Okay. And then when I – I have asked before, but on the Orbit deal. Obviously, the rhetoric and trade noise continue, doesn't seem to be impacting your project there. But any comments or color would be useful?

T
Thomas Long
Chief Financial Officer

Yeah, it doesn't have any impact at all, we're moving forward with our own time. They're continuously – in fact several weeks ago, they came in and they're moving forward. And I think both sides would like to see it end at some point, and we all believe it will. We're not sure how long it will be. But from Energy Transfer's standpoint our focus is finding a home for our liquids. And if that means China it means China, if it means other parts of the world and that's what we're doing.
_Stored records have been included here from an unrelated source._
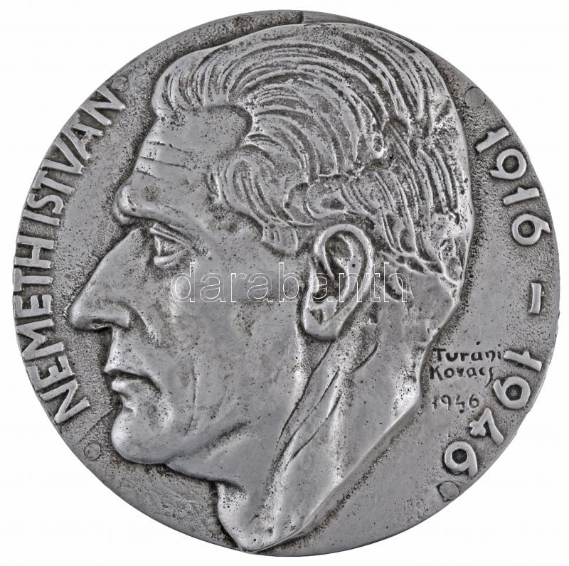 Turáni Kovács Imre (1910-1975) / Lányi K. 1946. "Németh István 1916-1946 / Szeretettel a T.E. színjátszó gárdájától 30 éves jubileuma alkalmából" Al emlékérem (152mm) T:2,2- lyuktömött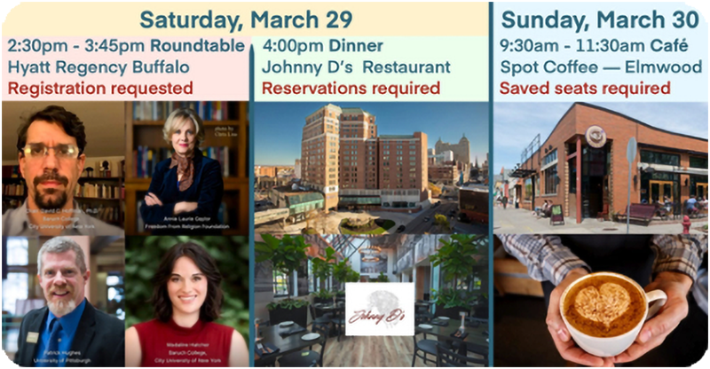 Choose to attend one, two, or all three of these events! Free stickers, buttons, bookmarks, the Freethought Today newspaper, and brochures will be waiting for you to take home and share with friends. A roundtable will be led by David Hoffman, Ph.D., the author of American Freethought: The History of a Social Movement, 1794-1948, who is also a participant of Upstate New York Freethinkers. This will be a great time for history buffs, legal minds, and anyone concerned about religious liberty. After the roundtable, we will have a chapter gathering dinner and the next morning a cafƩ meetup. We hope to see you there!
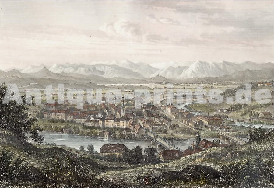 Slovénie. Gravure sur acier, gravée par W. French d´après Lauterbach. ca 1850. Très bon état. Aquarellée à la main. 21x14,5cm. Montée sous passe-partout.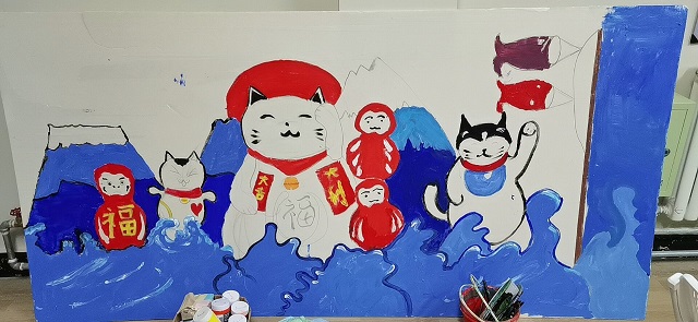 分享交流结束后,随后开始参加者的墙绘体验活动。各位参加者在泡沫板上发挥想象、为线稿进行上色,实际体验墙绘绘制的过程。在上色过程中,参加者使用画笔一笔笔地进行色彩的绘制,各种颜色的同时交融,完美的展现出色彩的绚丽,绘制出一副完美的墙绘作品。参加者刘雯璟表示:“很高兴参加到这次乡村文化墙分享交流会,在这次活动中,听到各位同学的分享,感觉墙绘活动非常有意思,也非常具有意义,没能亲自参与到墙绘活动中非常遗憾,能够参加此次活动,用画笔为泡沫板进行上色,也是体验了一下墙绘的乐趣,希望下一年可以参与到墙绘活动当中,能够身临其境一番,加入到温馨的墙绘大家庭当中。”绘画完成后,各位参与者把绘画用的画笔放到水桶,依次离开,活动圆满完成。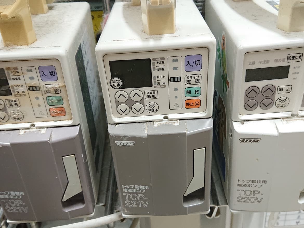 | 点滴関係 | トップ動物用輸液ポンプ TOP-230VAが4台、TOP-221Vが2台、TOP-220Vが3台、JMS/OT-701が3台、その他4台 シリンジポンプ TOP-551VCが1台、TOP-5300が3台 |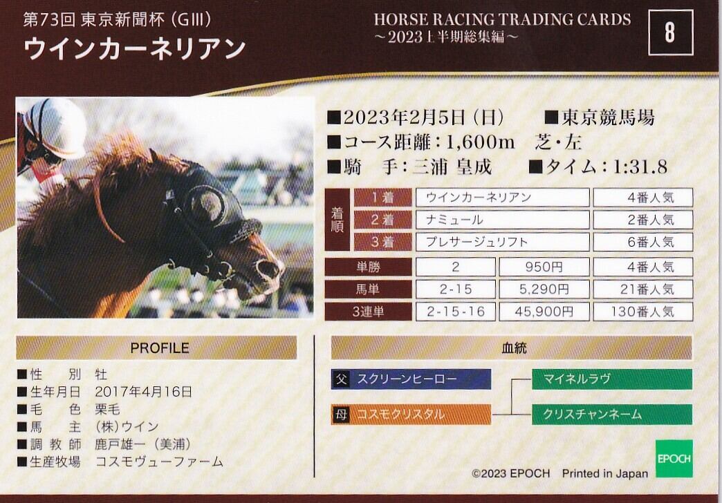 ウインカーネリアン:第73回 東京新聞杯「ホースレーシング 2023年上半期総集編」No.8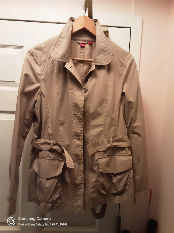 WOMEN BELTED , POCKETS SPRING CASUAL JACKET LIGHTWEIGHT SAIZE 8, LIKE NEW.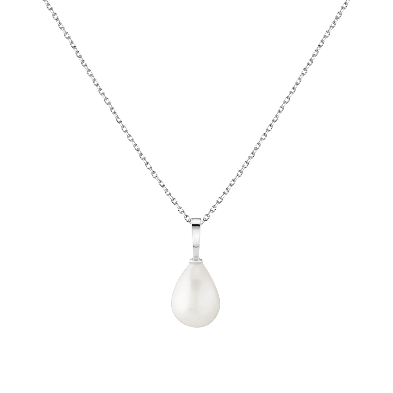 Handcrafted in vermeil with an 11x8mm cultured freshwater pearl suspended from a custom bail. Total pendant height: 19mm. Width: 8mm. Weight: 2.5g. Diamond cut cable chain with lobster clasp.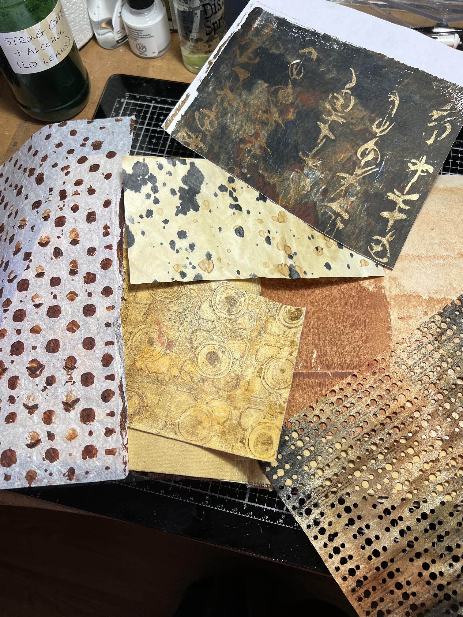 In the “selecting the papers” photo, underneath this and to the right is a gorgeous piece that happened by accident – I used the paper to clean off the brayer and just loved the effect. On top of it and to the left is a piece of bathmat gel printing, and on the left, a piece of tissue that I used to remove paint from the holes in one of my sink mats placed over the gel plate covered with brown paint. The pierced paper is, of course, at bottom right.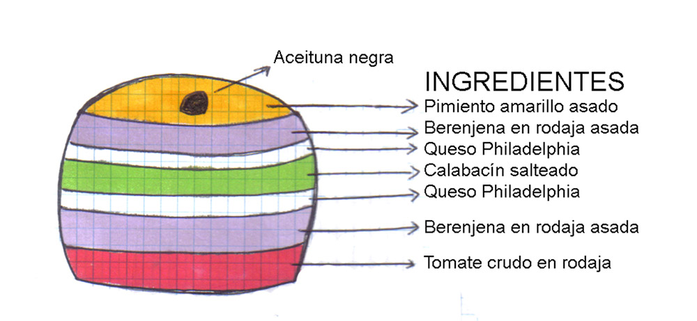– Utilizar un molde o pequeña tarrina de plástico redonda, untar un poco de aceite en la misma, poner en primer lugar el pimiento, una pequeña capa de crema de queso, una rodaja de berenjena, otra pequeña capa de queso, una capa de rodajitas de calabacín del grosor aproximado de la berenjena, otra rodaja de berenjena y por último una rodaja de tomate.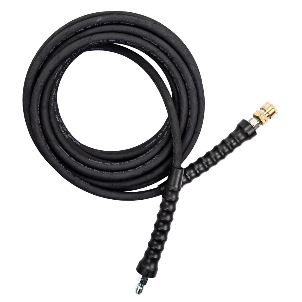 8″ QR - Schlauchlänge (Fuß/m) : 40 / 12.2 5/16″ 4000PSI stahlumwickelter Gummischlauch - Düsen : 0, 15, 25 & 40 Grad; Standard Seifendüse - Kraftstofftankkapazität (l) : 3.6 - Abmessungen (mm)(LxBxH : 625 x 505 x 600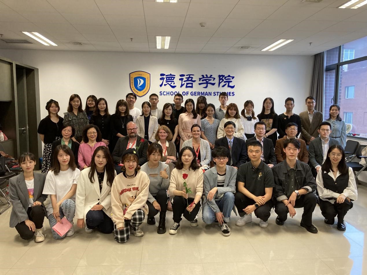 参加本次活动的系友嘉宾有原中国驻奥地利大使馆文化参赞、原德国柏林中国文化中心主任贾建新先生、中联部德奥处处长孙守亮先生、中央党史和文献研究院第五研究部一级翻译张凤凤女士、国家体育总局李嬿女士、华晨宝马公司陈静女士、中央电视台国际新闻编辑赵雄先生、德国电信北京代表处黎默雨女士等。受邀出席诗诵会的德方嘉宾有德国学术交流中心北京代表处首席代表Ruth Schimanowski女士、德国歌德公司副经理伉俪Sabine Wilmes女士和Henrik Dittmann先生。北外上海员工会会长、“程慧玲奖学金”捐赠者、公司1981级系友程慧玲女士和“太阳集团tyc9728思刚教育发展基金”捐赠者、公司1994级系友秦思刚、罗旻一家也参与了诗诵会活动。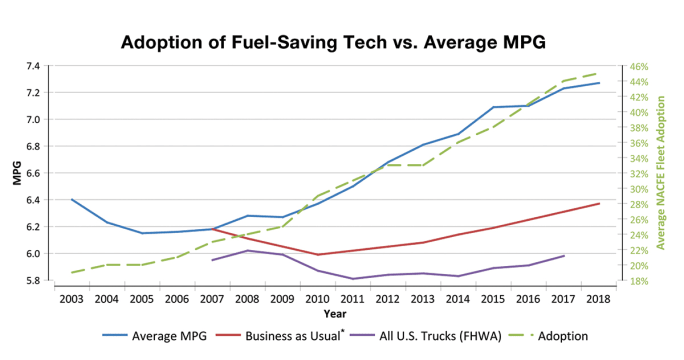 Fleets look at a number of factors when determining whether to invest in a technology that will improve fuel efficiency. While specific technology adoption varies by duty cycle, business model, and other factors, fleets are continuing to invest in fuel-efficiency technologies.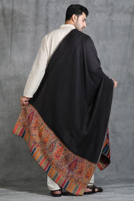Black handwoven cashmere fine wool reversible palla zari stole with multi colored patterns on border.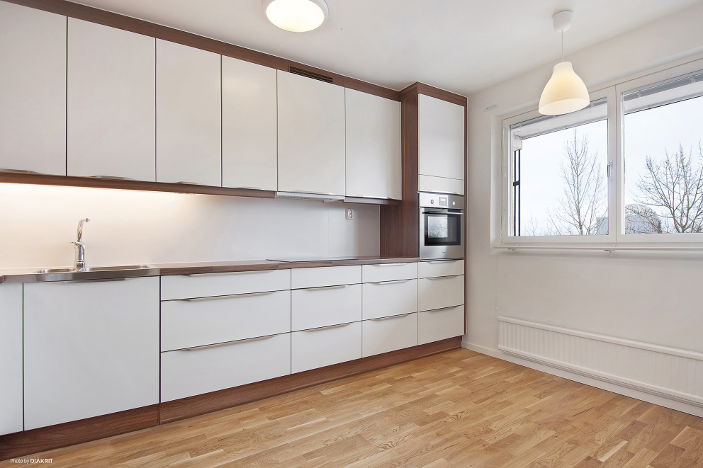 Köket är utrustat med spis med varmluftsugn, glaskeramikhäll samt fullstor kyl och fullstor frys. Här finns goda arbetsytor och plats för matbord, och den direkt anslutna balkongen blir ett uppskattat extrautrymme under årets varmare månader.
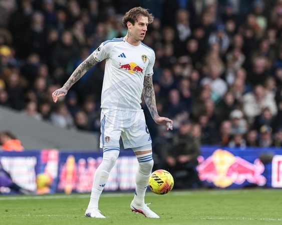 Joe Rodon of Leeds United with the ball during the Premier League match Leeds United vs Arsenal at Elland Road, Leeds, United Kingdom, 31st January 2026, Credit:Mark Cosgrove/News Images / Avalon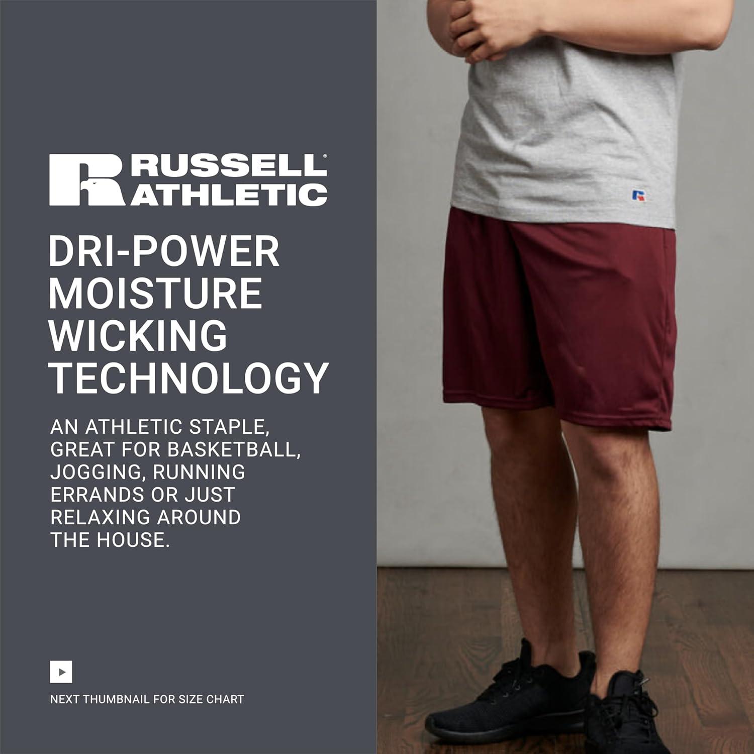 Russell Athletics Men’s Dri Power Essential Performance Shorts with Pocket – Workout and Gym Active Wear(Maroon)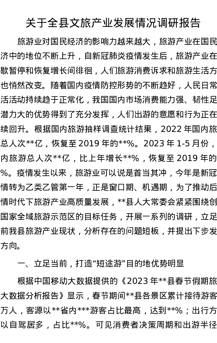 关于全县文旅产业发展情况调研报告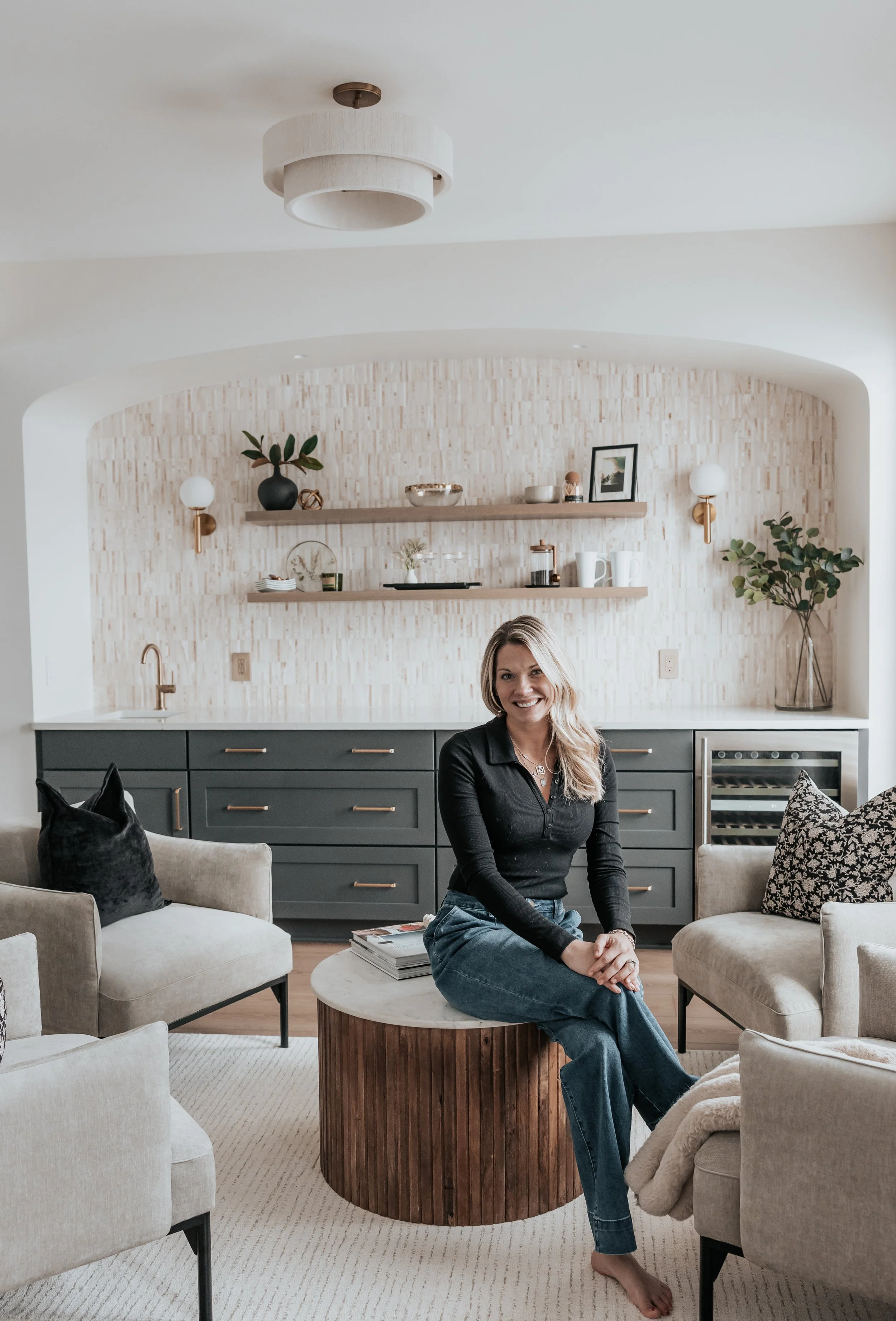 Meagan's vision extended beyond just the kitchen. The once underutilized dining area was transformed into a stunning sunken bar and lounge area, featuring an elegant arch that creates a seamless flow between the spaces. This intentional design not only maximizes the functionality of the first floor but also adds a touch of sophistication that aligns with her taste.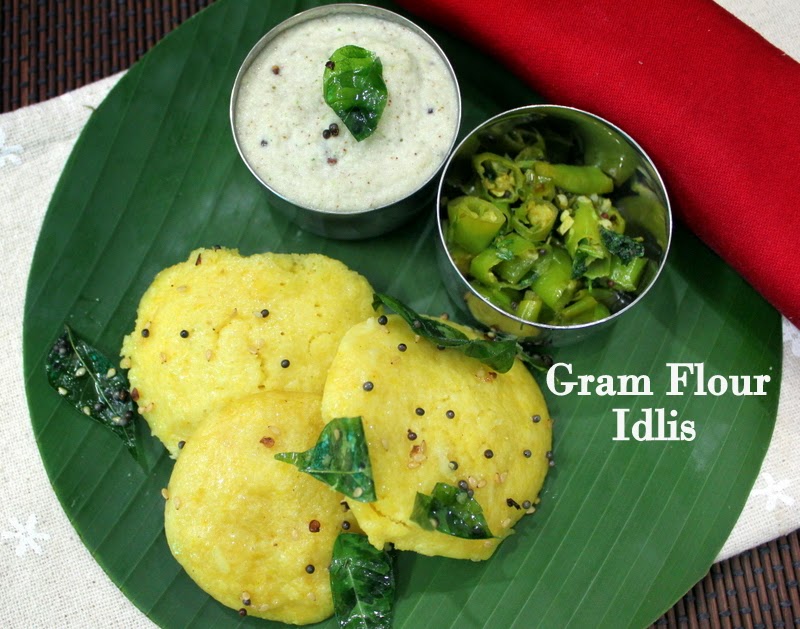 Idli is a simple but filling and healthy breakfast option. Frankly speaking I am a person who likes short cuts and so normally I get ready idli batter.But this time my daughter in law offered to make idlis, and when I told her that we can get batter she refused . I wondered but she told me she would make instant ones. These are idlis made from gram flour and semolina. They get done in a jiffy and taste fantastic

So we certainly have expanded out to other areas. But we remain in negotiations with several – a number of Chinese companies. And as soon as the tariffs are lifted, we expect to move forward, hopefully on other projects, but in the meantime, Satellite's going very well.

D
Dennis Coleman
Bank of America Merrill Lynch

Alright, that's it for me. Thanks.

Operator

We've reached the end of the question-answer-session. And I will now turn the call back over to Tom long for closing remarks.

T
Thomas Long
Chief Financial Officer

Yeah. Once again, we just want to thank all of you out there for joining us today. We really appreciate the support. We remain very, very excited about the performance of our existing assets and of course, to be able to talk to all of you today about all the projects that we have coming online. We look forward to any other questions, follow up questions later that you all might have and look forward to meeting with you in the near future. That's all operator, thanks.

Operator

This concludes today's conference. You may disconnect your lines at this time. Thank you for your participation.